Marie: My very active search efforts were met with deafening silence and dead ends. I began to question my value and skills and everything I had accomplished in a successful 25-year career. After the first 18 months of my futile search I entered what you call, Hannah, “the dark nights of the soul”. It was a truly dark place for me. How could this be happening to me when I had followed all the steps and suggestions of the coaches and professional transition experts. After months and months of searching I began to wonder - where was the magical moment, the connection, the kismet, the grace that is supposed to unblock, connect, create movement and open passages? Isn’t this how life works?

Hannah: How did you respond when you experienced the silence and felt nothing was happening?

Marie: Even though I was determined to stay positive, midway through my experience I slowly began to pull back from family and many friends and anything related to “fun”. Deep down I was frustrated and angry and I went inside myself.

Hannah: What helped you through the worst of this time?

Marie: I began to search for hope. Every day I would look for shards of light that would let me know the universe had not forgotten me. I began to try to foresee the life lesson I was going to walk away with. I found some comfort in inspirational books and inspirational speakers. I bought a journal and wrote down things that inspired me and encouraged me that things would turn around very soon. Ironically I often found stories of others having entered and come out of their own individual experiences of “dark nights of the soul” jump off the page at me. Often their circumstances were emotionally and physically much harder than what I was experiencing which also put things in perspective for me. The words of wisdom they shared by looking back on their experiences and more importantly reflecting on their new life after the darkness turned to light, were often comforting. Excerpts from these pieces also ended up in my journal.

Hannah: From what you know now, what advice would you give someone going through this? What advice would have helped you? 

Marie: I don’t have any magic pill or firm advice to anyone currently living in this space. I had a few wonderful friends who wouldn’t let me sink and never let go of my hand during this time. Some of them I would have guessed beforehand and some I would not have. It was really these wonderful individuals who joined me in the lifeboat and rode out the storm.

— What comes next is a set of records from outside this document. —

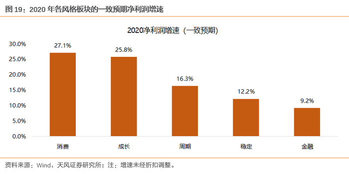 一致预期方法还可进一步推算风格板块和行业板块的净利润增速。如下方两张图所示。图中显示净利润增速未经折扣调整(行业的预测准确度波动较大)。
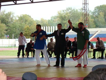 - Учитывая то, что на Кубке мира абсолютного первенства не бывает, - подчеркнул Мустафа Азрет-Алиевич, - лучшему борцу, первому и пока единственному заслуженному мастеру спорта по борьбе на поясах, человеку, благодаря которому стало возможным провести в нашей республике Кубок по борьбе на поясах, Ринату Акбаеву присудить звание абсолютного чемпиона сегодняшнего Кубка!
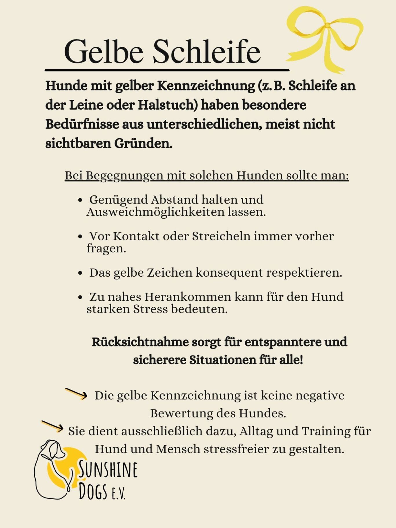 Hunde, die eine gelbe Schleife, ein gelbes Halstuch oder eine gelbe Markierung an Leine oder Geschirr tragen, benötigen aus verschiedenen Gründen mehr Raum, zum Beispiel, weil sie unsicher, im Training, gesundheitlich eingeschränkt oder einfach schnell gestresst sind.
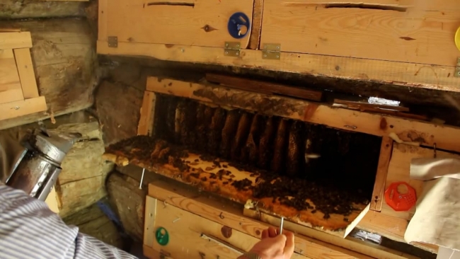Hüseyin Mahsül, ''Bu bölgede olmayan bir kovan tipidir. Bu kovan kalın çam ağaçlarından yapılan bir kovan. İçinde doğal kara kovan balı üretiyoruz'' diyerek kovanın özelliklerini anlattı.
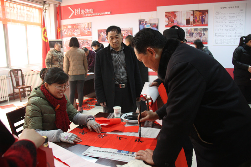 挥毫泼墨写春联,欢声笑语迎新春。值猴年春节即将来临之际,为继承和发扬民族传统,传播集团公司"德兴"文化理念,丰富职工文化生活内涵,凝心聚力,鼓舞干劲,使广大职工度过一个欢乐、祥和的新春佳节,2月5日,太平煤矿政工科、工会办公室联合在俱乐部一楼团员活动室开展了以"金猴欣舞乐竞(中国)德兴、紫燕欢歌太平业盛"为主题的"迎新春、送春联"活动,在矿井上下营造了浓厚的节日氛围。
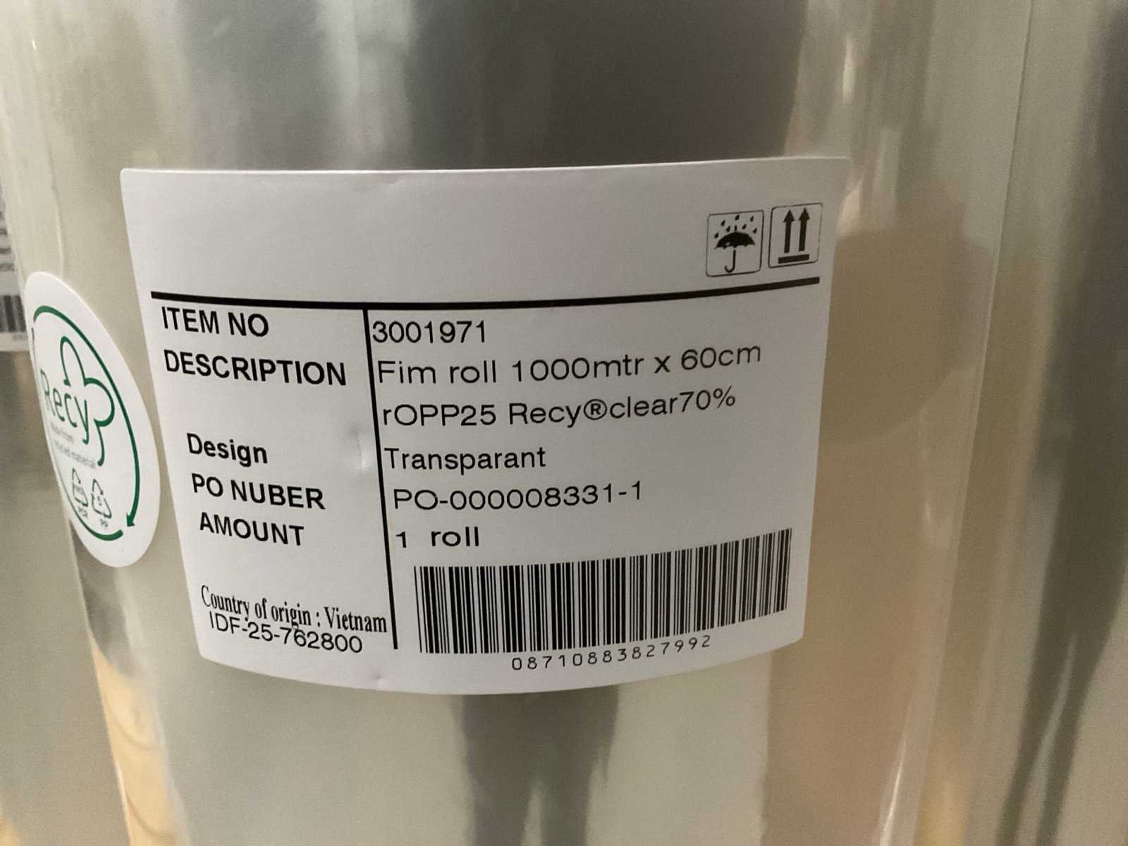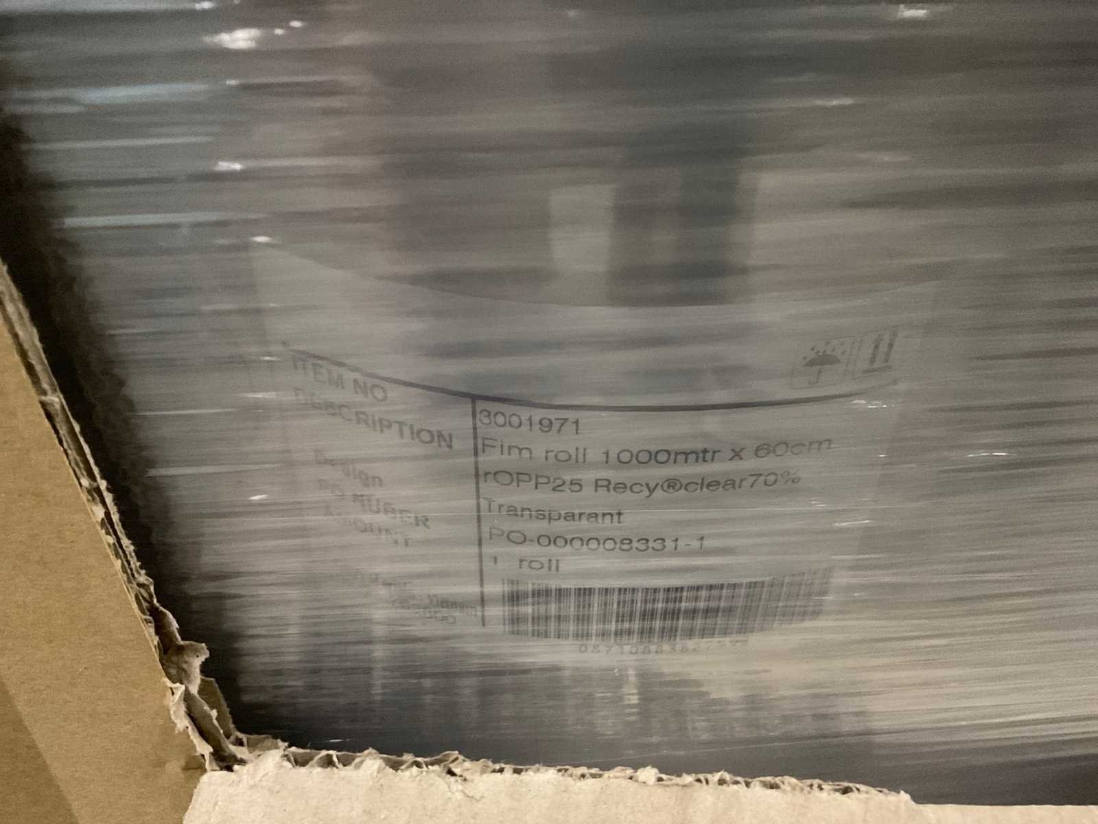 2 pallets , ca. 50 rol, transparante folie rOPP25, 1000m x 60 cm per rol, inclusief pallets
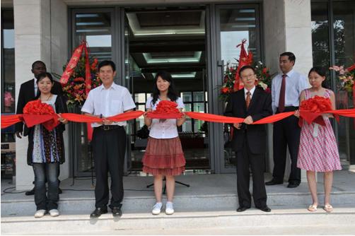 ■钟山副部长(左二)、吴泽献大使(右二)为新馆剪彩
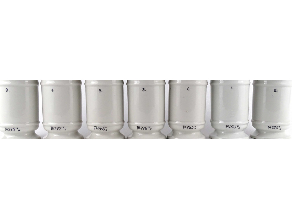 Hibátlan állapotú, gyógyszertári, patika edény, tároló csomag. Vastagfalú Zsolnay porcelán tégelyek, porcelán fedéllel, 7 darab egyben.
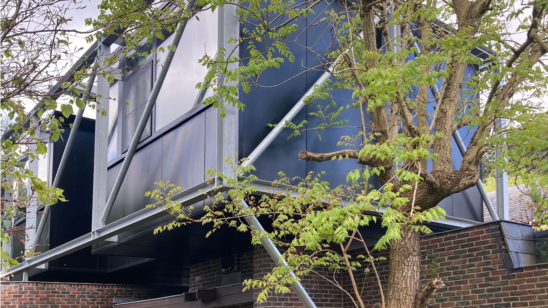 Comme la maison restera habitée pendant les travaux, le choix a été fait d'ouvrir le moins possible le toit existant et de faire flotter autant que possible une structure légère en acier au-dessus du toit actuel. Les panneaux solaires existants seront démontés et réinstallés sur la nouvelle structure.
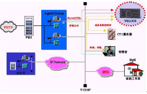 現(xiàn)在國內(nèi)市場上的絕大部分錄音設備是基于語音板卡的,而VELOCE 是通過小巧的USB錄音模塊連接到話務員PC上,利用數(shù)字語音壓縮技術(shù)和加密技術(shù)把通話內(nèi)容存儲到話務員PC, 并通過網(wǎng)絡傳輸?shù)椒⻊掌鳎?它是通過硬/軟件的錄音方式和網(wǎng)絡傳輸方式的結(jié)合體。
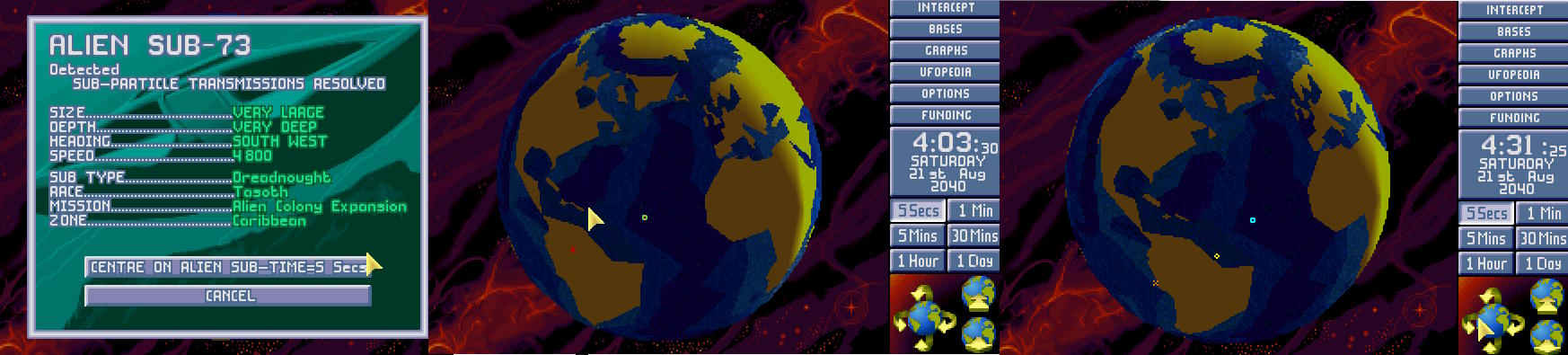 Z wielu miejsc Atlantyku zaczęły napływać raporty o USO. Barracudy wysłano na poszukiwania, gdy o 4:00 sensory z bazy wykryły USO płynące na południe po wschodniej stronie Atlantyku. Zanim Barracudy zdążyły się zbliżyć, utracono kontakt z USO.

As for me I have slowly crawled out of the depths of my predicament. There was no “big bang” moment or “switch” that changed everything for me. Three years later and after a few fits and starts that didn’t work out I am now happy to be working in a new industry. I’m not sure it is the perfect fit but I will give it a year before I decide to make a change. Looking back, I’m still not sure I understand yet the purpose of that time in my life but I am in a much more optimistic, hopeful and creative place.

Hannah: It sounds as if you are on a cusp moving from the fertile void to the action stage, Marie. 2017 is going to be a very exciting year for you!